The next day, Davey purposefully sat next to Deighton in the dugout, planning to be the right kind of friendly- jovial but not drooling, but for some reason, Davey couldn\'t seem to come up with anything jovial to say and ended up just nodding and agreeing with whatever Brody was saying without adding anything of value. And yes, he wasn\'t adding anything, wasn\'t giving anything to Deighton, but he wasn\'t letting himself stew about Deighton, wasn\'t sending all that negativity he\'d been feeling at Brody, so he felt better about things. And it showed in his game. Davey had another stellar day and walked off the field thinking that maybe he could do this. Maybe.

After the game, Davey was walking out to his car when he overheard Deighton talking to someone. Brody was on his cell, standing in the parking lot- there really was no coverage inside the stadium under all that concrete.

\"Look, if Chrissy wants to fuck around, that\'s none of my business anymore. I\'m out of that, I\'m clean and I\'m staying that way,\" Brody said, and then he paused, listening. \"No, I\'m not responsible.

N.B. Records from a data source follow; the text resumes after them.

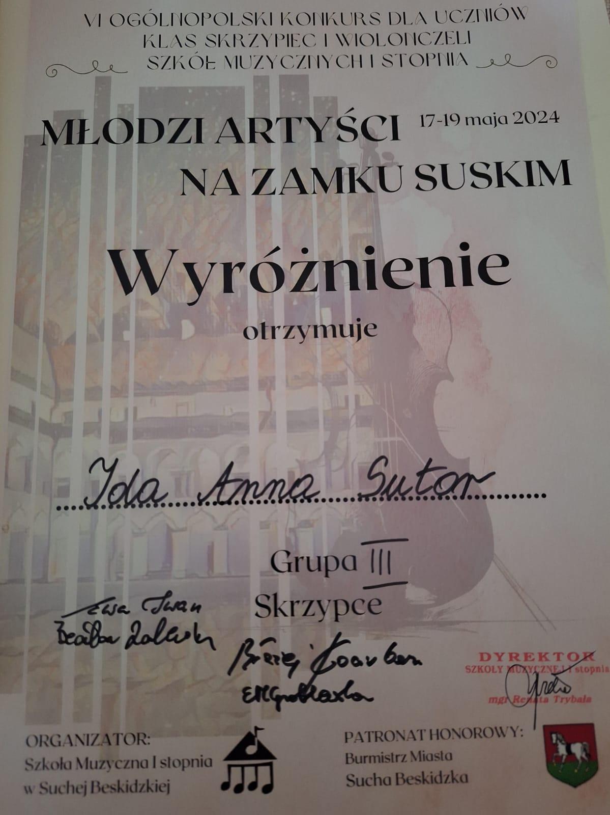 Ida Sutor uczennica z klasy skrzypiec pana Piotra Dziechciowskiego zsobyła wyróżnienie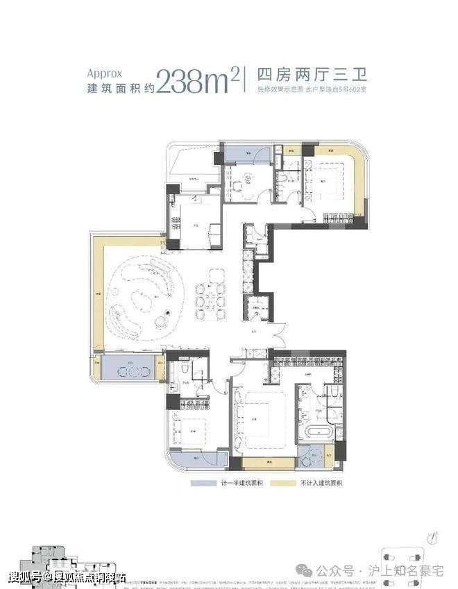 建面约238㎡户型均价约17.3万/㎡,建面约275㎡户型的均价约18.2万/㎡,比起前面衡复徐滨的次新房动辄22万、24万/㎡的挂牌价,倒挂不要太明显,安全垫不言而喻!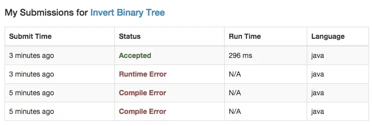 编译错了两次,之后运行错了一次,出现了 NullPointerException,于是想到没有检查指针为空,加上检查之后,就通过了。下图是提交记录。

Chrissy made choices, so did I. I made this choice now and Chrissy is just gonna have to live with it.\" Deighton noticed Davey walking past and nodded an obligatory hello. Davey gave him a smile, but kept walking. Wasn\'t Chrissy the name of Brody\'s ex? \"Listen, I wish you luck. I wish Chrissy luck, too. I just can\'t take on his problems and fix his life. I gotta go, now.\" Brody stopped to listen again and Davey tried to reconcile the fact that Deighton had an ex named Chrissy and that Deighton was talking about a man named Chrissy- one and the same? \"No, my date\'s waiting. Yes, I said date. Go ahead tell him. Maybe it\'ll help him move on. I gotta go. Bye.\"

Brody hung up and caught up with Davey. \"Listen, kid,\" he started, \"I don\'t know how much of that you heard, but I\'d appreciate if you kept whatever you did hear under your hat. I\'m trying to make a bit of a new start here and old baggage tends to complicate that type of thing.\"

\"I\'m not wearing a hat Deighton and you can\'t really go back into the closet once you\'ve come out of it, you know?\" Davey told him.

\"Still don\'t have to sing show tunes in a Vera Wang and high heels, now do I?\"

\"Now there\'s am image. Relax. I won\'t spill anything, but I won\'t lie.\"

\"Fair enough,\" Brody agreed and they went their separate ways.